* **The data**
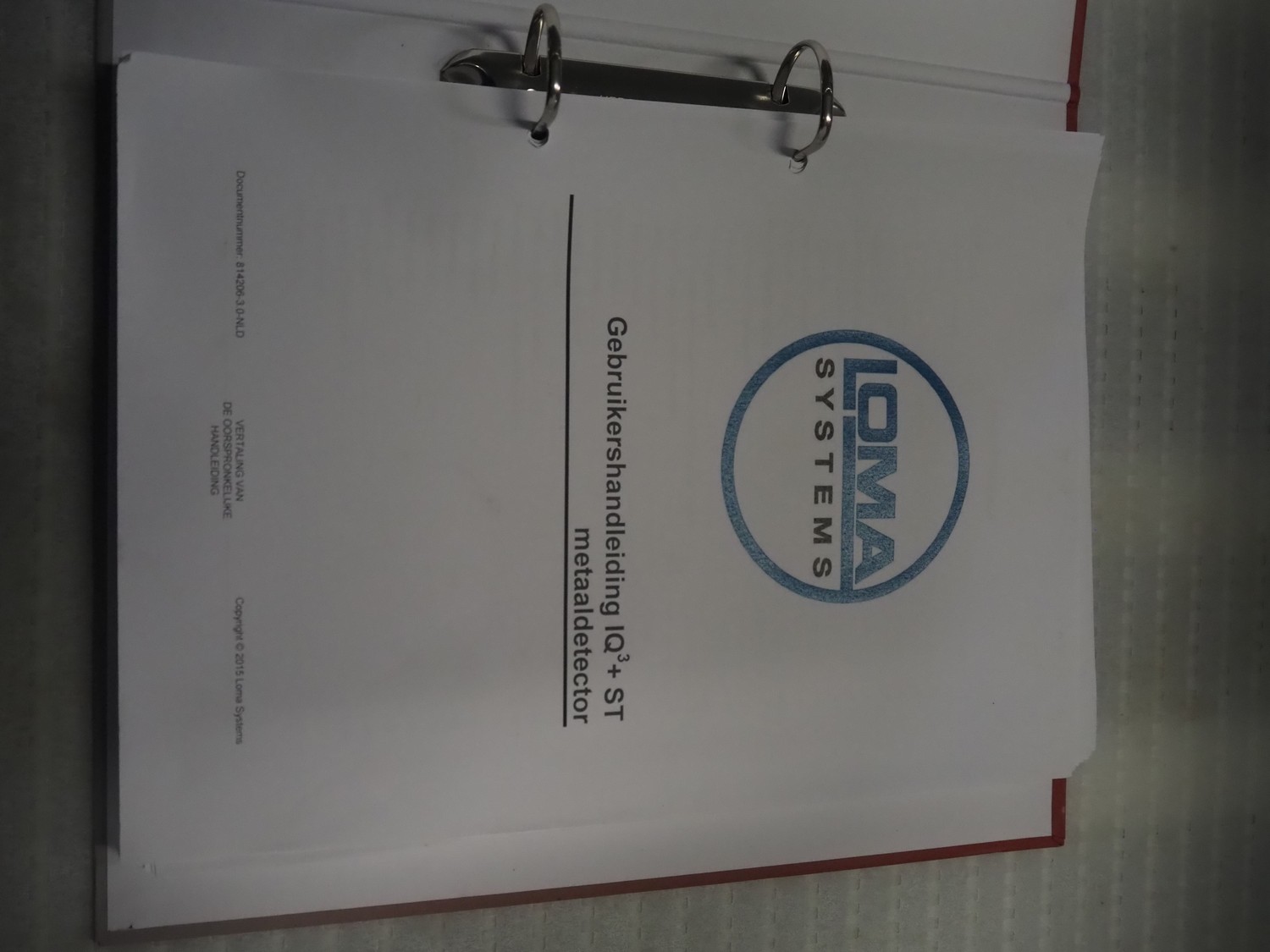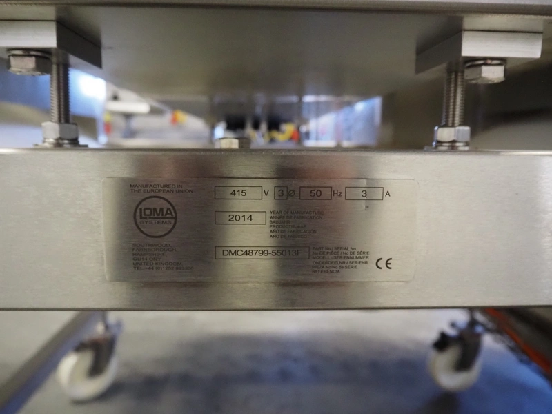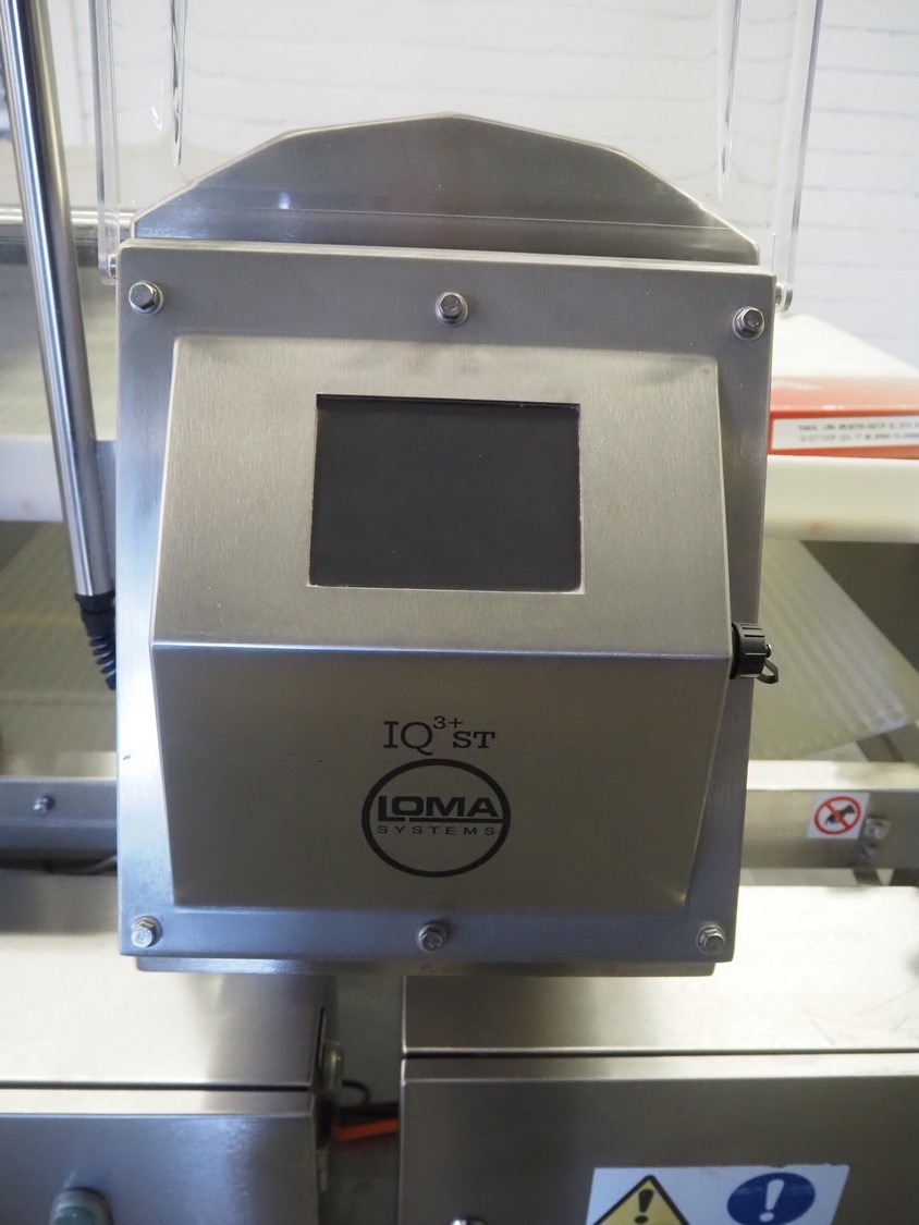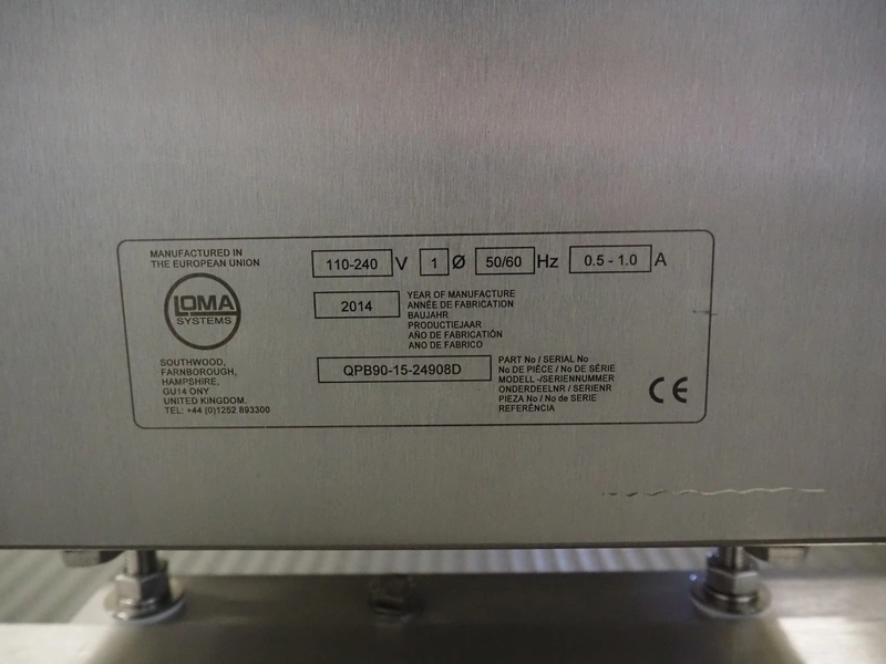 Loma Systems mobile metal detector with rejector, model: IQ³+ST, serial number: QPB90-15-24908D, year of construction: 2014, 110-240 V, 1 Ph, 50/60 Hz, 0.5-1.0 A, plastic mesh belt, belt width: 860 mm, clearance: 860 mm x 160 mm, total dimensions: 2400 mm x 1500 mm x 1700 mm.
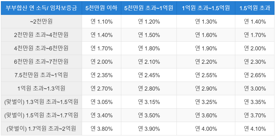 - 대출 신청 시 산정된 부부합산 연소득 수준에 따라 아래의 금리 적용
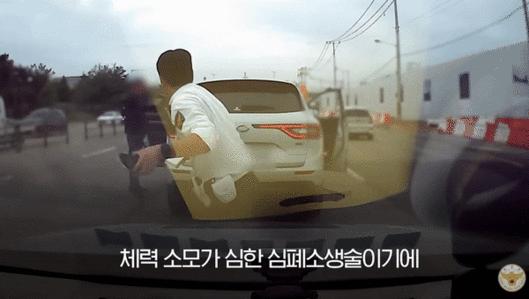 의식잃은 운전자, 두 경찰관이 번걸아가며 심폐소생술
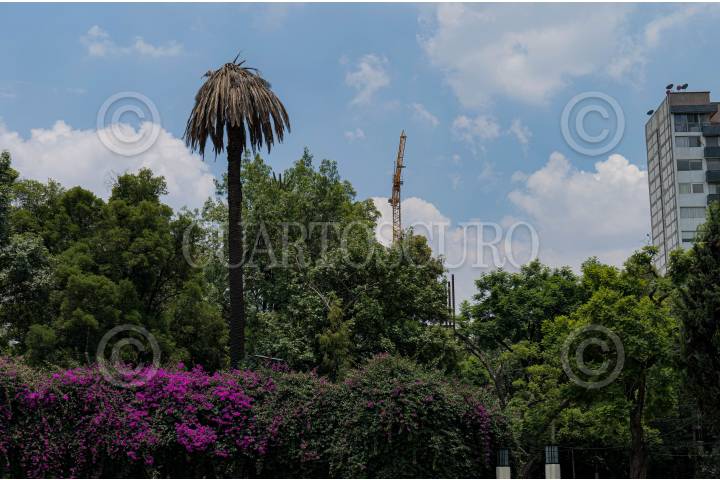 CIUDAD DE MÉXICO, 16JULIO2024.- Se puede observar una palmera muerta desde el Parque México de la colonia Condesa. FOTO: ALICE MORITZ/CUARTOSCURO.COM

* **Exercise description**
When you reproduce the data shown above, keep each line exact and omit every picture.

* **Solution to this problem**
 Loma Systems mobile metal detector with rejector, model: IQ³+ST, serial number: QPB90-15-24908D, year of construction: 2014, 110-240 V, 1 Ph, 50/60 Hz, 0.5-1.0 A, plastic mesh belt, belt width: 860 mm, clearance: 860 mm x 160 mm, total dimensions: 2400 mm x 1500 mm x 1700 mm.
 - 대출 신청 시 산정된 부부합산 연소득 수준에 따라 아래의 금리 적용
 의식잃은 운전자, 두 경찰관이 번걸아가며 심폐소생술
 CIUDAD DE MÉXICO, 16JULIO2024.- Se puede observar una palmera muerta desde el Parque México de la colonia Condesa. FOTO: ALICE MORITZ/CUARTOSCURO.COM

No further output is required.